1. A parallelism autopilot. Turn the decision tree into a real planner. Given a model config (layer count, hidden size, parameter count, context length) and a cluster description (nodes, GPUs per node, HBM per GPU, intra- and inter-node bandwidths), search the full $(\text{TP}, \text{PP}, \text{DP})$ space, score each candidate with a memory check plus an alpha-beta communication estimate and a pipeline-bubble term, and emit the predicted-best launch command for DeepSpeed or Megatron. Validate the predictions against a published MFU table for a known model, and report how often the planner's top choice matches the configuration the original team actually used.

2. Measure the wall. On whatever GPUs you can access (even two), train a small transformer under each strategy in turn: plain DDP, FSDP, tensor parallelism, and pipeline parallelism, holding the model and global batch fixed. Instrument each run for MFU and peak memory, then plot the memory-versus-throughput trade-off curve. Confirm empirically that sharded data parallelism gives the best simplicity-to-payoff ratio and that tensor parallelism across the slow link collapses MFU, reproducing the claims of Table 16.10.1 on real hardware.

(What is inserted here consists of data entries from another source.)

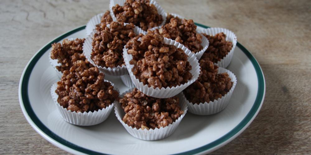 Σε μπεν μαρί λιώνετε την κουβερτούρα. Σε αντικολλητικό τηγάνι, χωρίς λάδι ή βούτυρο, καβουρδίζετε τα φουντούκια. Προσθέτετε τα φουντούκια, τα φιστίκια και τις νιφάδες ρυζιού στην λιωμένη κουβερτούρα και ανακατεύετε καλά.
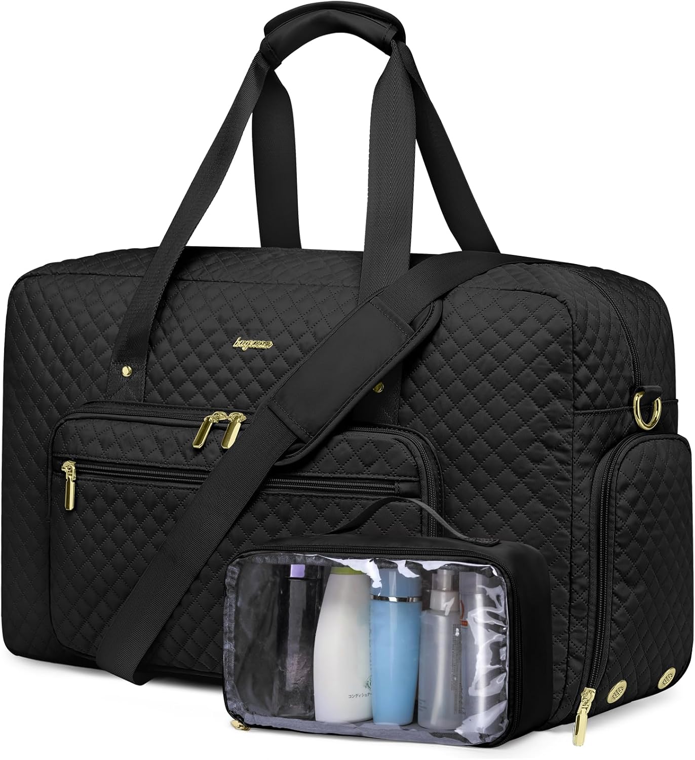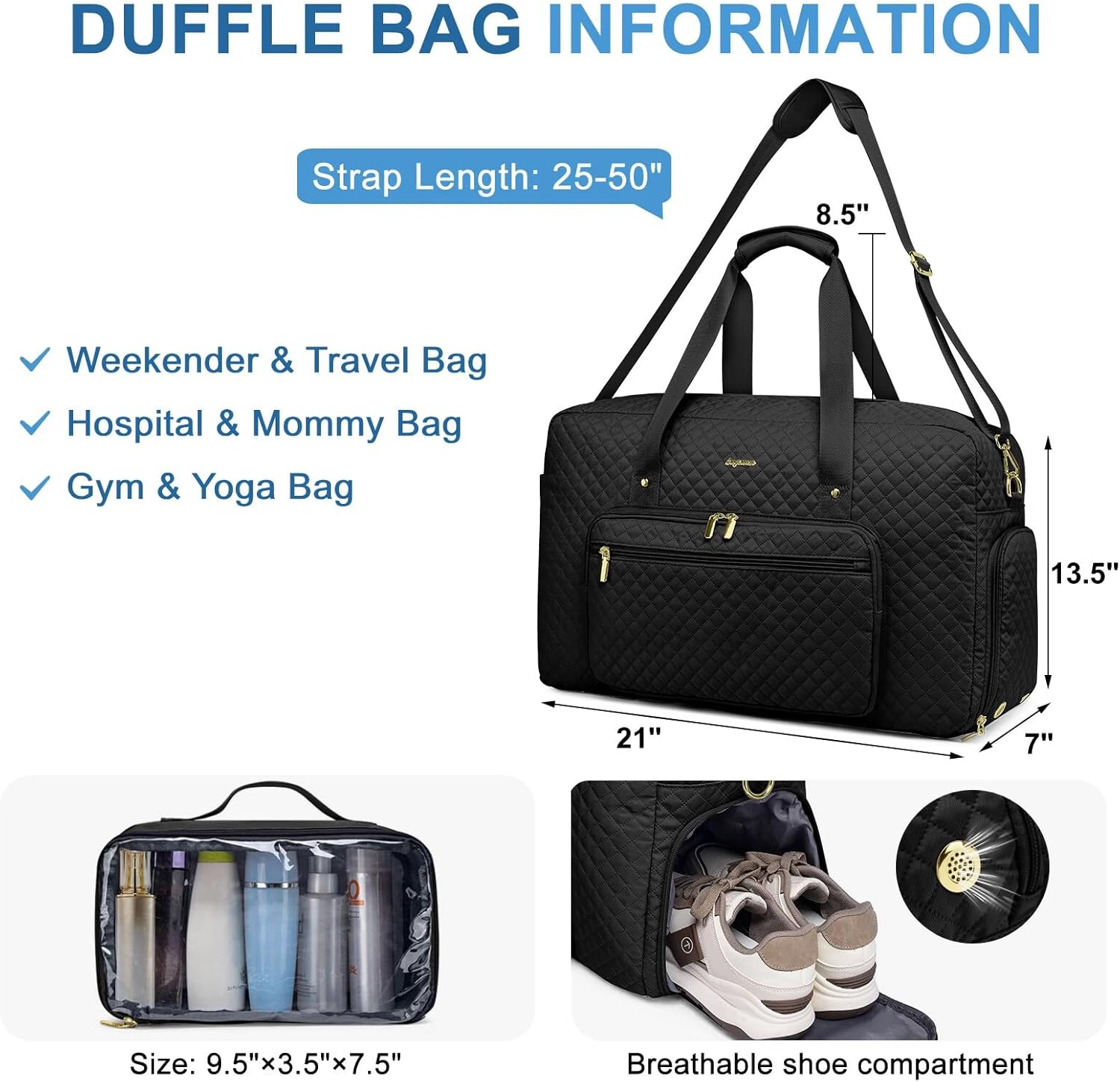 WITH A TOILETRY BAG & SHOE COMPARTMENT: Overnight bag includes a complimentary toiletry bag (a $10 value), perfect for keeping your toiletries and makeup organized. Women duffel bag also features a separate shoe compartment on the side to keep shoes away from clean clothes, with two ventilation holes to help air out any odors. For new moms, it can also be used as a hospital bag, mommy bag, or medical bag.
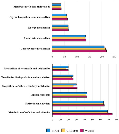 The KEGG database and the BlastKOALA tool were used for the functional characterization of the LOC1 strain genome (Figure 7). L. plantarum CRL1506 and the well-characterized probiotic strain WCFS1 were used for comparisons. No differences were observed in the number of metabolism pathway genes associated with carbohydrates (213 ± 2), glycan biosynthesis and metabolism (59 ± 1), amino acids (135 ± 2), lipids (41 ± 2), nucleotides (65 ± 2) or energy metabolism (65 ± 2) among the strains. In addition, no significant differences were found in cofactors and vitamins (69 ± 3), polyketides (18 ± 3) or biosynthesis of other secondary metabolites (27 ± 3) when the genomes of LOC1, CRL1506 and WCFS1 were compared (Figure 7). There were also no differences in the numbers of genes associated with “genetic information processing”, “environmental information processing” or “cellular processes” between the three lactobacilli strains (Figure S2).
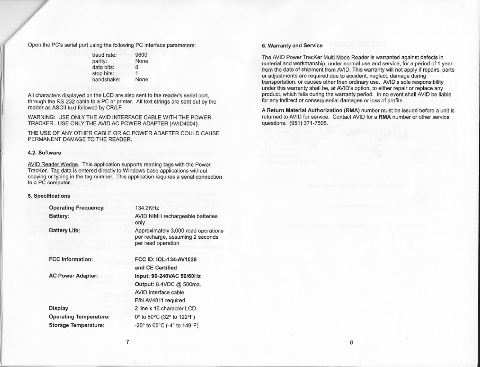 Avid Identification Systems 134-AV1028 RF ID Reader User Manual Pt 5
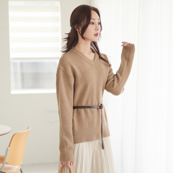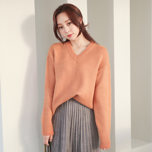 基本 V领 垂肩 针织衫
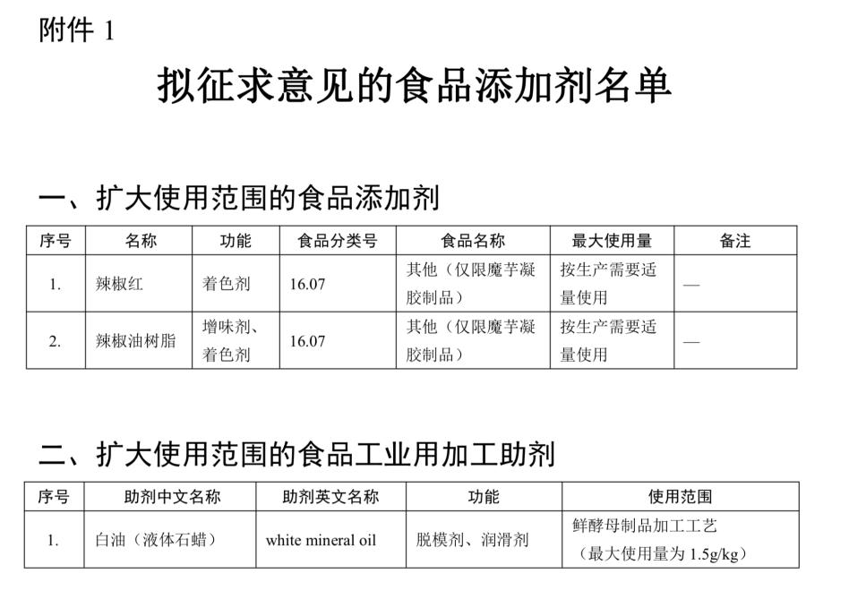 此次征求意见3种食品添加剂分别是辣椒红、辣椒油树脂、白油(液体石蜡),其中,辣椒红、辣椒油树脂均为申请扩大使用范围。辣椒红拟作为着色剂,用于其他(仅限魔芋凝胶制品)(食品类别16.07);辣椒油树脂拟作为增味剂、着色剂,用于其他(仅限魔芋凝胶制品)(食品类别16.07),两者的最大使用量均为按生产需要适量使用。

3. Stress-test the tree. Construct adversarial scenarios where the decision tree's greedy "least parallelism that fits" rule gives a suboptimal answer: for example, a case where adding tensor parallelism earlier than the tree suggests would shrink activation memory enough to raise the achievable batch size and net higher MFU. Quantify the gap with your planner from idea 1, and propose a refinement to the branch ordering that closes it without sacrificing the tree's simplicity.